26-Unexpected Truth-

26 5 0
                                    

"Lo yakin bibi bakal suka sama cangkir teh yang kita bawain?" tanya Sehun pada kekasihnya yang sekarang sedang menuntunnya melewati jalan yang belum dikenalnya di Busan.

"Sehun, percaya deh sama gue. Dia bakal suka banget." Luhao meyakinkannya.

Musim panas sudah berakhir, dan mereka pikir adalah hal yang sopan untuk mengunjungi bibi Luhao saat mereka masih mempunyai waktu. Sehun gelisah selama perjalanan dalam bus ke Busan, dan sekarang bahwa dia benar-benar berjalan menuju rumah kekasihnya, dia bisa merasakan kegelisahannya memburuk.

Itu bukan karena dia takut akan bibi Luhao –bukan. Ia adalah seorang wanita yang sangat ramah. Kenyataannya, Sehun sebenarnya menikmati mengobrol dengannya kapan pun ia menelfon untuk memeriksa keadaan Luhao.

Bukan, dia gelisah karena dia tidak yakin jika ayah Luhao tidak ada disana. Dan melihat dari bagaimana Luhao tidak secerewet biasanya, anak yang lebih tua itu pasti merasakan hal yang sama.

Akhirnya, mereka sampai di lingkungan sekitar dimana bibi Luhao tinggal dan Sehun sudah bisa merasakan jantungnya berdetak lebih cepat.

Mereka berdiri didepan rumah tembok kecil dengan kebun bunga kecil didepannya. Luhao membunyikan bel pintunya.

"Lo udah siap?" tanya Luhao, menggenggam tangannya.

Sehun mengangguk, menggenggam tangan Luhao sebagai balasan. Anak yang lebih tua tersenyum dan Sehun berharap senyum itu tidak menghilang apa pun yang mungkin menunggu mereka dari sisi lain pintu.

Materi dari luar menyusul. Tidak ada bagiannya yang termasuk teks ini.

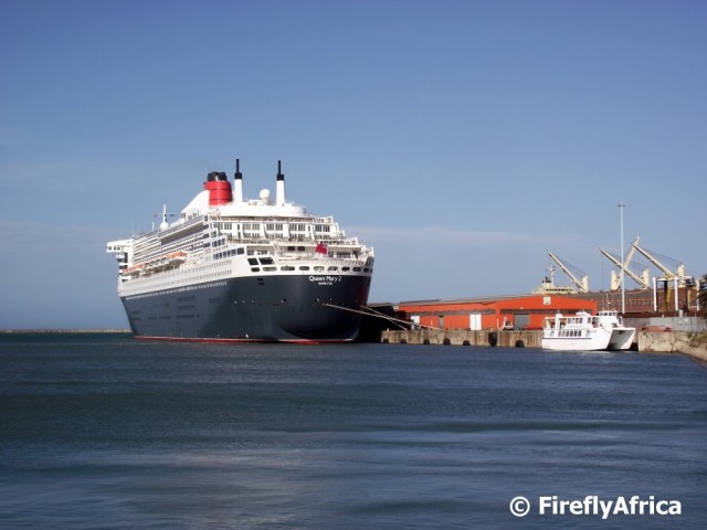 Yesterday (Monday 8 April 2013) was a big day in the history of the Port Elizabeth Harbour. Big being the operative word. It was the day the the largest ocean liner ever built visited the city. And one big ass ship she is. The Queen Mary 2 entered the harbour at just after 7am for the day with passengers going on excursions around the city and out to Addo Elephant National Park and other nearby game reserves. I was fortunate that working in the tourism industry meant that I had business with ship passengers and I could get quay side to get a close up outside view.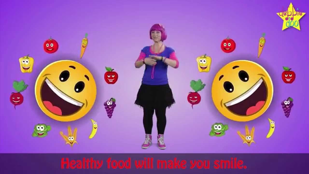 Watch as Debbie Doo performs easy to follow actions with cute animated characters to the Healthy Food Song. The junk foods are a bit shady but the health foods are happy, reinforcing the message that healthy food is always the best choice! Fruit, veggies, chocolate,chips and cake. It’s all here with the clear message that every food can be enjoyed in moderation.

Bibi Luhao membuka pintunya dan setelah melihat dua anak yang sudah sangat ia nantikan kedatangannya itu, ia berlari untuk memeluk mereka. "AKHIRNYA! Kupikir kalian berdua tersesat atau apa."

Ketika ia melepaskan mereka, Sehun membungkuk padanya, menghasilkan sebuah tamparan kecil dilengannya dari wanita itu. "Sehun, kamu nggak perlu membungkuk gitu sama bibi setiap kali kita ketemu. Kita bukan orang asing –kenyataannya kita keluarga. Kamu bisa manggil bibi ibu kalau mau."

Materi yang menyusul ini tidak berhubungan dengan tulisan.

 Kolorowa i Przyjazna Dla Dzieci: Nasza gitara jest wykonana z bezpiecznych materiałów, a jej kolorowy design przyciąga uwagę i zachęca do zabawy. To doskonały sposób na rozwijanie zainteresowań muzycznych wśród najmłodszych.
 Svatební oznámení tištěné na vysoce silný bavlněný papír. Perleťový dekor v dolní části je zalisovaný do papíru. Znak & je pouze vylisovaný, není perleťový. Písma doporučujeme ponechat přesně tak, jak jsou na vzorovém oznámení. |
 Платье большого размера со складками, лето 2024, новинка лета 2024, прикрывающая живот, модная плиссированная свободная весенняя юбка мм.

"Mommmmm," Luhao merengek. Semenjak obrolan kecil mereka ditelfon beberapa waktu setelah Luhao keluar dari rumah sakit, mereka sepakat bahwa sekarang Luhao akan memanggilnya dengan sebutan ibu. Menganggapnya sebagai ibunya sendiri. Bagaimanapun juga, wanita ini yang telah merawatnya dengan penuh kasih seperti anaknya sendiri sejak ia kecil.

Bibinya terkekeh sebelum mengantar mereka masuk ke rumah. "Oke, oke. Kamu bisa nganggep bibi sebagai ibu mertuamu."

Luhao facepalm sedangkan Sehun dan bibinya tertawa.

"Buat dirimu nyaman Sehun." Ia menunjuk kearah ruang tamu.

"Oh! Kita bawain bibi sesuatu." Sehun memberikannya sebungkus kotak yang dia sendiri lupa membawanya daritadi.

"Oh! Seharusnya nggak perlu repot-repot!"

Luhao memandangi bibinya dengan kecurigaan yang menggelikan. "Terus kenapa ibu terus-terusan ngirim chat buat bawain sesuatu dari Seoul?"

Bibinya menatapnya tajam. "Luhao sayang, kamu nggak keberatan kan ngasih Sehun tur keliling rumah? Aku mau nyiapin makan siang buat kalian." katanya, benar-benar merubah topik.

"Nggak banyak yang bisa dilihat," bisik Luhao, tapi bagaimanapun juga dia mengambil tangan Sehun dan memimpinnya berkeliling rumah –menunjukkan banyak hal seperti koleksi berharga cangkir teh bibinya, koleksi kesayangan buku komiknya, dan tumpukan album foto yang bibinya simpan bertahun-tahun. Luhao memberitahunya bahwa ibunya dulu sangat terobsesi untuk mengambil setiap foto dirinya ketika dia kecil. Sehun tidak bisa membantu selain tertawa karena Luhao tidak tahu bahwa dia melakukan hal yang sama, selalu mengambil foto dari Sehun.